Sukoon is in alpha. Security fixes are applied to main and the latest tagged release only.

Please do not open a public issue for security vulnerabilities.

Report privately through GitHub:

• Open a confidential report via Security Advisories → "Report a vulnerability" on the repository.

(A dedicated security contact email will be added soon.)

Include: a description, steps to reproduce, affected component (core, cli, extension, desktop), and impact. We aim to acknowledge within 72 hours and to ship a fix or mitigation plan within 30 days, coordinating disclosure with you.

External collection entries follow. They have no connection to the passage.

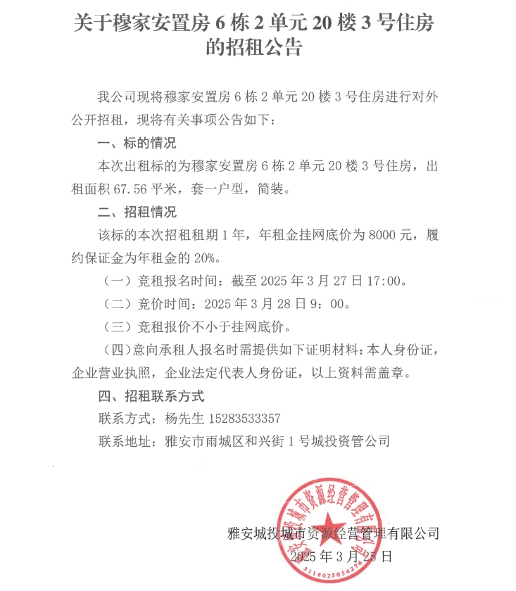 關(guān)于穆家安置房6棟2單元20樓3號(hào)住房的招租公告
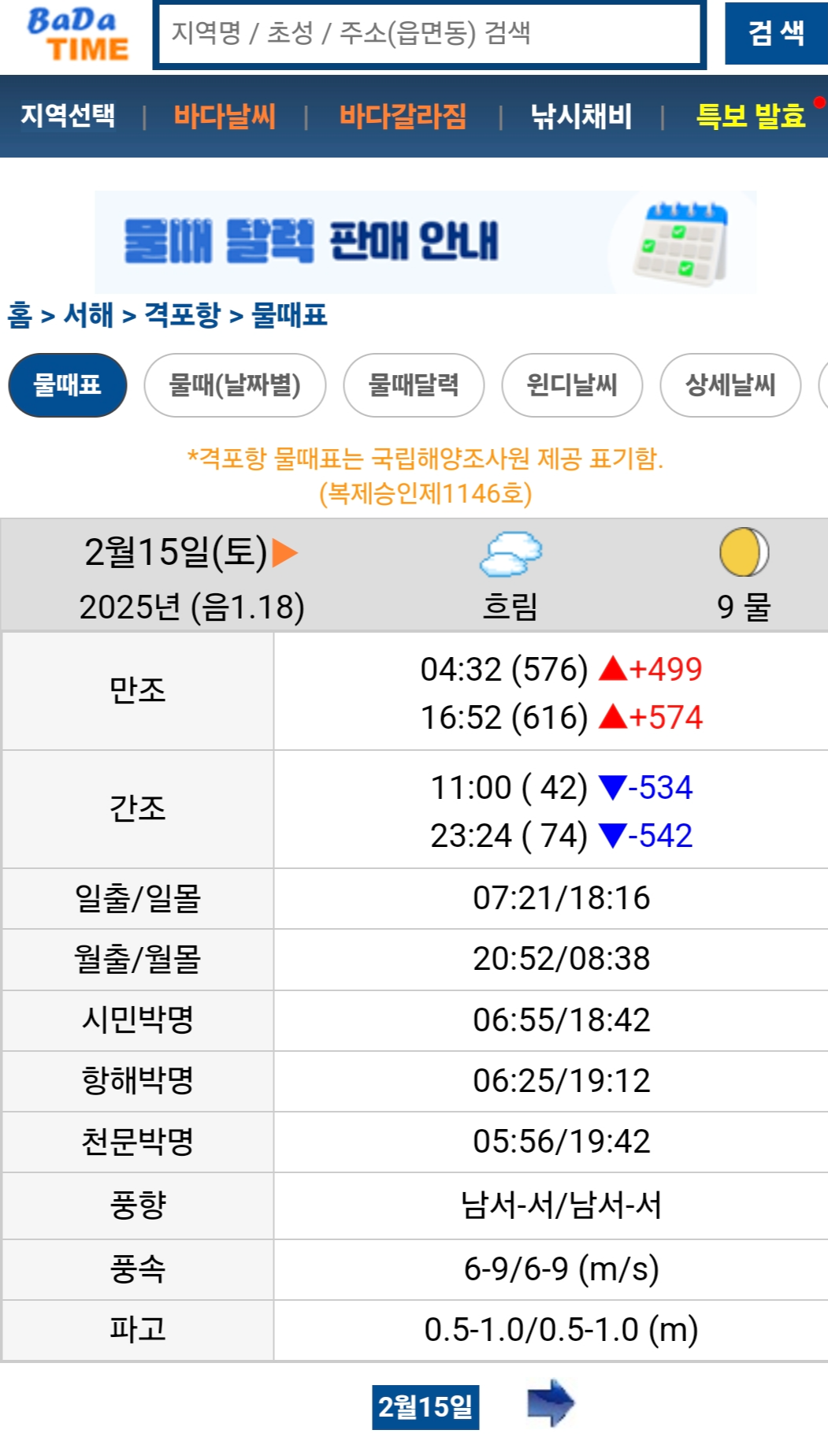 물때표 격포항을 참고하셔서
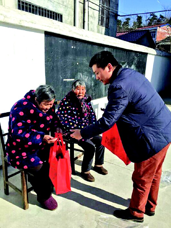 曾都区何店镇乔麦河村外出创业人员方世松、方世颖两兄弟,致富不忘乡邻,2月15日(正月初八),兄弟两人带着对家乡老人深厚的感情,给全村老人拜年,将慰问金和物资送到183位老人家中。 (本报记者 唐天才 通讯员 谢志勇 摄)
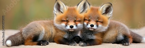Fototapeta premium Charming twin red fox kits playing on a peaceful sandy dune, showcasing...
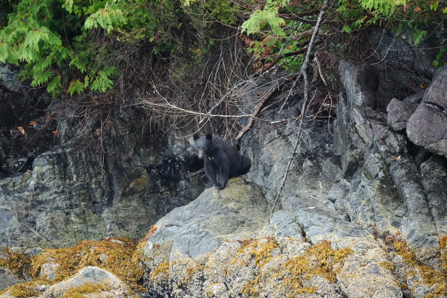 April through June is a special time for guided wilderness tours on the British Columbia coast. Black bears (mɛxaɬ) venture to the rocky beaches to replenish fat stores in preparation for breeding, humpback whales migrate back home from their tropical breeding waters, while transient killer whales enjoy seafood feasts.
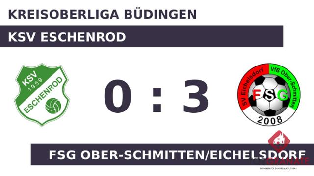 K. A. brachte sein Team in der 27. Minute nach vorn. Nach nur 27 Minuten verließ Ferdijan Idic vom O-Schmitten/Eichels. das Feld, David Tokarenko kam in die Partie. Mit der knappen Führung der FSG Ober-Schmitten/Eichelsdorf pfiff der Schiedsrichter zur Halbzeit. Aboubaker Benchaib trug sich in der 55. Spielminute in die Torschützenliste ein. Marcel Mautz verwandelte in der 75. Minute einen Elfmeter und baute den Vorsprung des O-Schmitten/Eichels. auf 3:0 aus. Mit dem Ende der Spielzeit strich die FSG Ober-Schmitten/Eichelsdorf gegen KSV Eschenrod die volle Ausbeute ein.

Because Sukoon handles user media entirely on-device, we treat these as high severity:

• Privacy / data retention. Any code path where audio is uploaded, logged, or cached beyond the user's configured retention. Sukoon is fully on-device; flag anything that sends media off the machine.
• Model/asset downloads. Tampering with model downloads. All assets are verified against a checksum in the registry; report any path that skips verification.
• FFmpeg invocation. Command injection via filenames or untrusted metadata.

• Vulnerabilities in third-party models, FFmpeg, or ONNX Runtime themselves (report upstream, but do tell us if Sukoon's usage amplifies them).
• Social-engineering and physical attacks.

Thank you for helping keep Sukoon and its users safe.